Editor’s note: E.B. Boyd ’89, a freelance journalist in California, spent two weeks with Marine 1st Lt. Zoe Bedell ’07 in Afghanistan in March, shortly before Bedell’s second tour of duty in Afghanistan came to an end. Bedell has since returned to the United States and will leave the Marines in August.

It’s 1 a.m. on a chilly March night, and there’s still no word on the heli­copter. 1st Lt. A. Zoe Bedell ’07 is sitting in a damp concrete building on a British base in the heart of Afghanistan’s Hel­mand Province, a former Taliban stronghold that has been the scene of some of the heaviest fighting of the war. With her braided chignon, she looks more like the competitive equestrian she used to be than the Marine officer she is now.  

Bedell is in charge of the Marine Corps’ Female Engage­ment Teams, or FETs, a program created to enable the U.S. military to reach out to Afghan women (an assignment she soon will be wrapping up). In a few hours, six women, four of them members of Helmand’s provincial council, will arrive at the base, expecting to be flown north to Now Zad, at Bedell’s invitation, to meet constituents and help inaugurate a women’s center. But there’s been a snafu, and it seems that Bedell’s request for a helicopter never went through. Now Bedell is cooling her heels in a friend’s office, waiting to see what can be arranged.  

After three years in the military, Bedell is accustomed to plans going awry. Just this evening, when we strode into the tent usually reserved for women visitors, it had been taken over by a dozen Afghan men, translators for a special forces unit, sprawling on the floor and boiling water for tea.  

Alternative sleeping arrangements soon were found, but the search for a helicopter proves more difficult. Driving is out of the question: Though the distance between the provincial capital of Lashkar Gah, where the women live, and Now Zad is only about 50 miles, the possibility of running into Taliban fighters is too great; if they did cross paths, the women likely would be executed. It’s not until 2 a.m. that word comes that another flight has been arranged, allowing Bedell to turn her thoughts to a more complicated question: When they get to the town of Now Zad in the morning, will the council members be able to help get the women’s center running — and, by extension, play their part in getting Afghani­stan strong enough to stand on its own?  

Bedell welcomes visitors at the new women’s center.
E.B. Boyd ’89
Bedell welcomes visitors at the new women’s center.

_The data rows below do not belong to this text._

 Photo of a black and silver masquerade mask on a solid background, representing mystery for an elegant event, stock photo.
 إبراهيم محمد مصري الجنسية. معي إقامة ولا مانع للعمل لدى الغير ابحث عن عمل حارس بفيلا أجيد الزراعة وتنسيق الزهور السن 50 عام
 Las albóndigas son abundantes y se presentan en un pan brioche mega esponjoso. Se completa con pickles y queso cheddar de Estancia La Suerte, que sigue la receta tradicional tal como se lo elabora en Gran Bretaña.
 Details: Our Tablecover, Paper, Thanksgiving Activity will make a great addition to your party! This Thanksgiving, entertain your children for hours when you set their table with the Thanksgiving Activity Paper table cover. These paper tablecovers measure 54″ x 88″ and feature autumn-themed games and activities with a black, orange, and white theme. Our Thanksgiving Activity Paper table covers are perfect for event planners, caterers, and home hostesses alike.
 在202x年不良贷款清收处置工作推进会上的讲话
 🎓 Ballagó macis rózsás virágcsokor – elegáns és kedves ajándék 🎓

In her work with the provincial councilors, Bedell, as officer-in-charge of the FETs (the acronym is pronounced “fête,” like the French word for “party”), is kicking up a notch a program created in 2009 to enable units in the field to perform basic security functions, such as questioning and searching women.  

Combat units that patrol towns and villages are barred to servicewomen. At the same time, even in the most progressive parts of Afghanistan, men and women maintain a distance. In many rural areas where the Marines operate, men are not supposed to speak to women to whom they are not related, much less come into physical contact with them. And in some regions, it’s unacceptable even to look at another man’s wife. One Marine told me of having to turn his back during a search, so that the Afghans could move their women from one room to another. “I kept waiting for someone to put a bullet through the back of my head,” he said.

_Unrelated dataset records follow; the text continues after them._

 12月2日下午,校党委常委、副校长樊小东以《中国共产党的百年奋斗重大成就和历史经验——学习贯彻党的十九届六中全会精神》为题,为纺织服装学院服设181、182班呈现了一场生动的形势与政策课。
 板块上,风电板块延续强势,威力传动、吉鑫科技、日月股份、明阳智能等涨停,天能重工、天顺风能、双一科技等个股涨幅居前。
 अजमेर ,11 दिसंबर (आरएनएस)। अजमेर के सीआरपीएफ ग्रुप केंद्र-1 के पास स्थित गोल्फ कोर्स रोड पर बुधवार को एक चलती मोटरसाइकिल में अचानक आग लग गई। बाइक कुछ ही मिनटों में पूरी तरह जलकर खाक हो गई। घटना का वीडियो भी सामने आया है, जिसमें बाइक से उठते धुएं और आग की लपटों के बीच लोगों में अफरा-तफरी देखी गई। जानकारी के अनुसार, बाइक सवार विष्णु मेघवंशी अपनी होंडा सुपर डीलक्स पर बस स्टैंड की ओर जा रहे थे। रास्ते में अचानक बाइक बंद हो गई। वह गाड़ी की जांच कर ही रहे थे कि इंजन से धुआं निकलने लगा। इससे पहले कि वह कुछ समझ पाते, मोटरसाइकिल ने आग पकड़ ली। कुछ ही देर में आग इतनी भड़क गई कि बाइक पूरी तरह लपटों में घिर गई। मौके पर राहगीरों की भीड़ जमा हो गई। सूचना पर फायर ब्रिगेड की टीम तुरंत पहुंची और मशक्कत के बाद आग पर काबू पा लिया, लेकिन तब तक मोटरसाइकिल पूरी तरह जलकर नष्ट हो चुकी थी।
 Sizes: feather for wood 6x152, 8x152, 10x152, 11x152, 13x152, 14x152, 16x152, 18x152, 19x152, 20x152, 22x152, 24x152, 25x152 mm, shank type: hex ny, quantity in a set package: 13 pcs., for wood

At the beginning, the FET program in Afghanistan — modeled on the Lioness program, which tackled the same problem in Iraq — pulled women away from their regular units and sent them to help the men on patrol. But the other units, in which women worked as mechanics and radio technicians, for example, didn’t like being short-handed. Only 6 percent of Marines are women, so there weren’t many available to loan out.  

Meanwhile, the Marines started noticing that sending women into the field had its advantages. As the military increasingly put its efforts into counterinsurgency operations, it needed better information about the communities in which it was operating as well as ways to communicate with local residents. With women on its teams, the military could reach the 50 percent of the population it could not approach before. Though Afghan women didn’t live out in public as the men did, they knew what was going on in their communities and could serve as effective conduits of information. Talking to Afghan men also became more fruitful: With female Marines around, one Marine said, “men’s tongues become a little looser.” Bedell says the FETs help to build receptivity toward the American presence. “One man told us, ‘Men are fighters, but we know your women are here to help,’” she says.

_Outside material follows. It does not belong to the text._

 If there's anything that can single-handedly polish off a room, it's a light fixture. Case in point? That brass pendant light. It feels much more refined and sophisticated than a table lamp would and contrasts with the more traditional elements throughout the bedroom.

So a little more than a year ago, about four dozen women Marines became full-time FETs. They were trained in ways to conduct interviews and form connections with people from vastly different cultures, as well as in skills necessary for accompanying the combat units, like advanced weapons skills and combat lifesaving techniques. The FETs were dispatched in pairs to outposts throughout Helmand and told to support the local commanders’ missions by interacting with the local community.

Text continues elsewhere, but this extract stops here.